Husam Alissa, Kourosh Nemati, Dr. Bahgat Sammakia,
Mark Seymour, Ken Schneebeli, Dr. Demetriou
New Solutions, New Challenges
Generally, a legacy data center consists of an array of hot and cold aisles where the air intake to the IT equipment resides in the cold aisle and the air exhaust of the equipment rejects hot air into the hot aisle. In a raised floor environment, chilled air is supplied through the plenum to the cold aisle. The heated air in the hot aisle flow backs to the cooling unit return as shown in Fig. 1 (a). However, the recirculation of air from hot to cold aisles or vice versa is a common occurrence. This air recirculation endangers the well-being of servers and reduces data center cooling efficiency, resulting in an increased TCO. To resolve these issues cold or hot aisle containment (CAC or HAC) solutions were introduced to segregate the incoming cold air stream from the heated exhaust stream as shown in Fig. 1 (b & c). CAC or HAC cooling solutions allow higher chilled set point temperature and can enhance the performance of an air side economizer, which admits outside air to the cool air stream (when outside temperatures are low enough).
This segregation of the hot and cold air streams is referred to as containment. It is considered to be a key cooling solution in today’s mission critical data centers. It promotes:
- Greater energy efficiency: by allowing cooling at higher set points, increasing the annual economizer hours and reducing chiller costs.
- Better use of the cold air and hence greater capacity: containment generates a higher temperature difference across the cooling unit making the most of the cooling coils capacity.

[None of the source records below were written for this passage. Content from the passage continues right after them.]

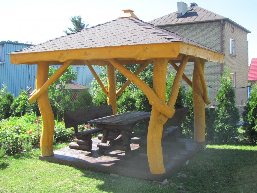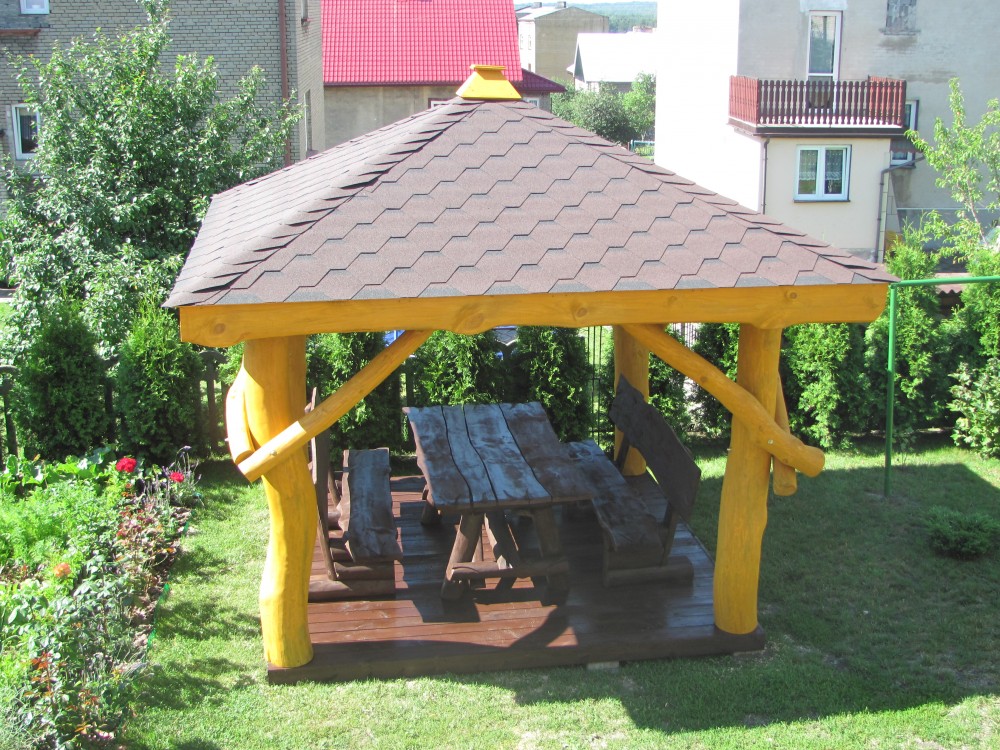 7. Miecze wspierające altanę wykonane z okrąglaków.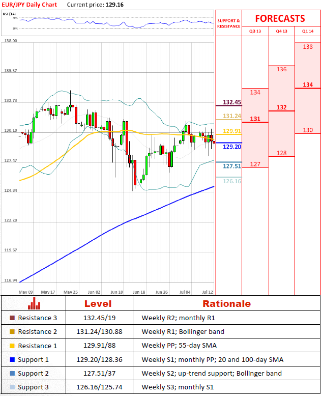 "Евро стремительно вырос. Но на данный момент экономика европы ослаблена, поскольку показатель инфляции достаточно низок, а цнетральный банк склонен к ведению мягкой политики"- Commonwealth Bank of Australia (по материалам Bloomberg) Перспективы парыEUR/JPY движется в пределах горизонтального канала, состоящего из скользящего среднего за 55 дней на отметке 129.88 сверху и месячного пивот уровня на отметке 128.57 снизу. Нижняя граница корридора так же укреплена скользящим за 100 дней и восходящей линией поддержки, что должно обеспечить сохранность бычьему прогнозу по данной валютной паре. Настроение трейдеровНастроение участников рынка SWFX относительно данной валютной пары не изменилось. Как и прежде, преимущество быков составляет 10%. Разница между количеством ордеров на покупку (51%) и продажу (49%) снизилась до 1%.
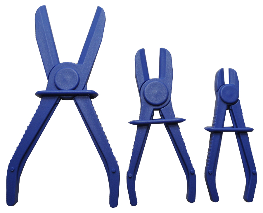 Zestaw szczypiec zaciskowych do przewodów elastycznych. Do przewodów o średnicy do 63.5 mm. Za pomocą szczypiec można zapobiec wypłynięciu płynów z przewodów chłodniczych, hamulcowych, itp. Cechy produktu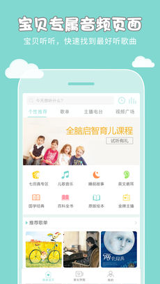 【音乐熏陶】包含各类适合儿童的经典音乐,如胎教音乐、摇篮曲等,培养孩子的音乐素养;

- Less likelihood of recirculation so better resiliency (defined as the ability of a data center, to continue operating and recover quickly when experiencing a loss of cooling)
Fig. 1. Schematic of (a) Legacy Open Hot Aisle-Cold Aisle (HA/CA) (b) Cold Aisle Containment (CAC) and (c) Hot Aisle Containment (HAC). [1]

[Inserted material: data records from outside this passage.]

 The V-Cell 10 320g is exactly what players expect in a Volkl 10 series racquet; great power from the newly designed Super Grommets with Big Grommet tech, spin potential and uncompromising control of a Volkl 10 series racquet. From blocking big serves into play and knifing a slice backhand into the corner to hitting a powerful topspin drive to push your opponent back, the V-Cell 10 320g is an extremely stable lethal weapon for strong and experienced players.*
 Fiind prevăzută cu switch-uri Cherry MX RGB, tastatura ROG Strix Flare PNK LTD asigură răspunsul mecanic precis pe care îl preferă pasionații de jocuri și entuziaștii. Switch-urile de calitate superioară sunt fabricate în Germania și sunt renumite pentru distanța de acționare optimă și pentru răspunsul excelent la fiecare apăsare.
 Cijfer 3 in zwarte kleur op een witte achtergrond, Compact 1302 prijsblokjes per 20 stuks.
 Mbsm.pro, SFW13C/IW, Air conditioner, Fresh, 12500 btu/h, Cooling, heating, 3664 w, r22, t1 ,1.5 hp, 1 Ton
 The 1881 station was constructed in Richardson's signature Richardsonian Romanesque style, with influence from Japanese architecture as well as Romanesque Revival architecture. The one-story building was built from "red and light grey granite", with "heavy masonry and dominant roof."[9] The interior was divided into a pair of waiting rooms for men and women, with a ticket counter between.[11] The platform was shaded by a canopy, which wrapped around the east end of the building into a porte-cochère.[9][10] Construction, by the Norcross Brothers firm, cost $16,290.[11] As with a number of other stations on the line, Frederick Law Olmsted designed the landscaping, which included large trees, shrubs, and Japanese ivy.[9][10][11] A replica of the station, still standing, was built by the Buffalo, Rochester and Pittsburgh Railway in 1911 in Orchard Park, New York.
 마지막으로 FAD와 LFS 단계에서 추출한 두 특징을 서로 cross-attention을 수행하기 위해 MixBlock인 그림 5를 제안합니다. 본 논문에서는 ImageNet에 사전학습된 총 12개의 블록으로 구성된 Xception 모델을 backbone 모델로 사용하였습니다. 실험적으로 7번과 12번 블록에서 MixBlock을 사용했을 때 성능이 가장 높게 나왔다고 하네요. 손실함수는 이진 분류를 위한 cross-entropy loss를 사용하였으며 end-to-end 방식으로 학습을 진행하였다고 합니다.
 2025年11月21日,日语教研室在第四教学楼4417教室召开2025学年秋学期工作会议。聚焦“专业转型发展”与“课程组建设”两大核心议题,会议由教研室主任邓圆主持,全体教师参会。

However, hot or cold aisle air containment (CAC or HAC) creates a new relationship between the IT air systems and the airflow supply source. In the legacy open air data center, each IT equipment is able to get its necessary airflow (i.e. free delivery airflow), independent of airflow through the other neighboring IT equipment, and also independent of airflow through the perforated tiles through the full range of air system fan speeds (i.e., varying RPM).

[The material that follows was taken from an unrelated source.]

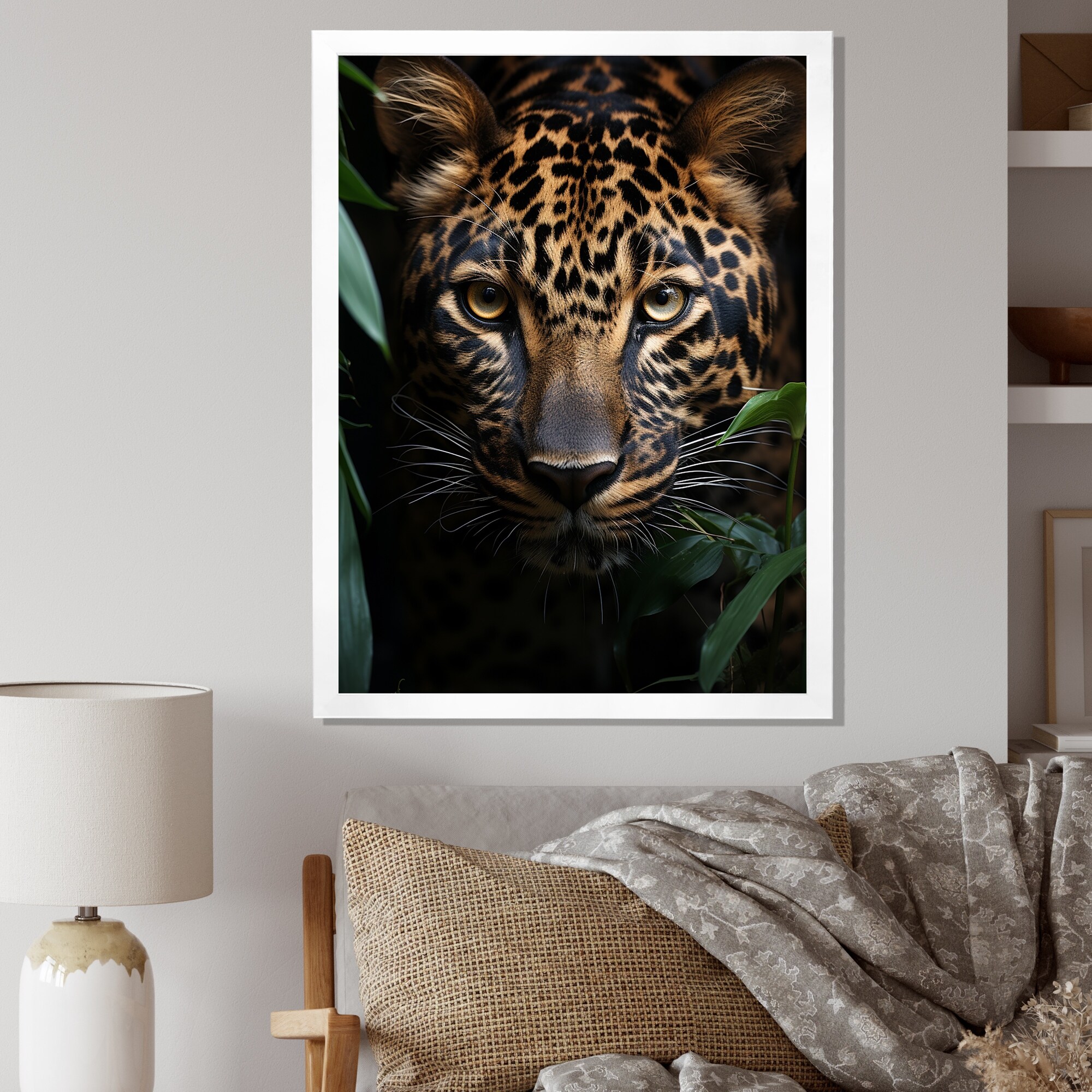 Designart "Leopard Silent Stalk I" Animals Leopard Framed Wall Art Living Room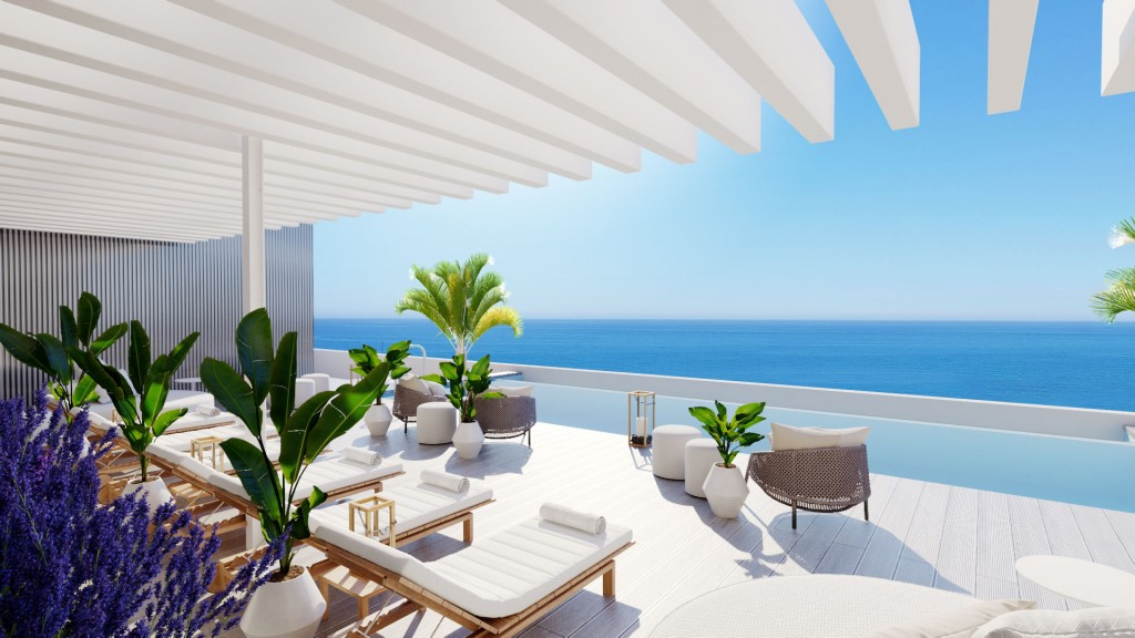 Setting: Beachside, Close To Golf, Close To Shops, Close To Sea, Close To Town, Close To Schools Pool: Communal Climate Control: Hot A/C Views: Sea, Beach, Panoramic, Pool Kitchen: Fully Fitted Garden: Communal Security: 24 Hour Security Category: New Development |

To describe the potential issues with the containment, the design of a CAC system installed on a raised floor similar to Fig. 1 (b) is explained. Other containment solutions will have analogous exposures. The CAC solution is constructed such that the cold aisle is boxed to segregate the cold aisle from the rest of the data center. Airflow leakage paths through the CAC are minimized by the design. The result is that airflow for the IT equipment is delivered through the raised floor perforated tiles within the CAC. This causes a new airflow relationship between all the IT equipment enclosed by the CAC. There is no longer an unlimited supply of low impedance airflow from the open air room for all the IT equipment within the CAC. Instead, there is effectively a single source of constrained airflow through the perforated tiles. All of the IT equipment air systems are operating in parallel with each other and are all in series with the perforated tiles. As a result, the air systems for all the IT equipment will compete with each other when the airflow in the CAC through the perforated tiles is less than the summation of the IT equipment free delivery (FD) airflows. It can now be understood that different IT equipment will receive differing percentages of their design FD airflow, depending on the differing performance of each IT equipment air system when they are competing in parallel for a constrained air supply.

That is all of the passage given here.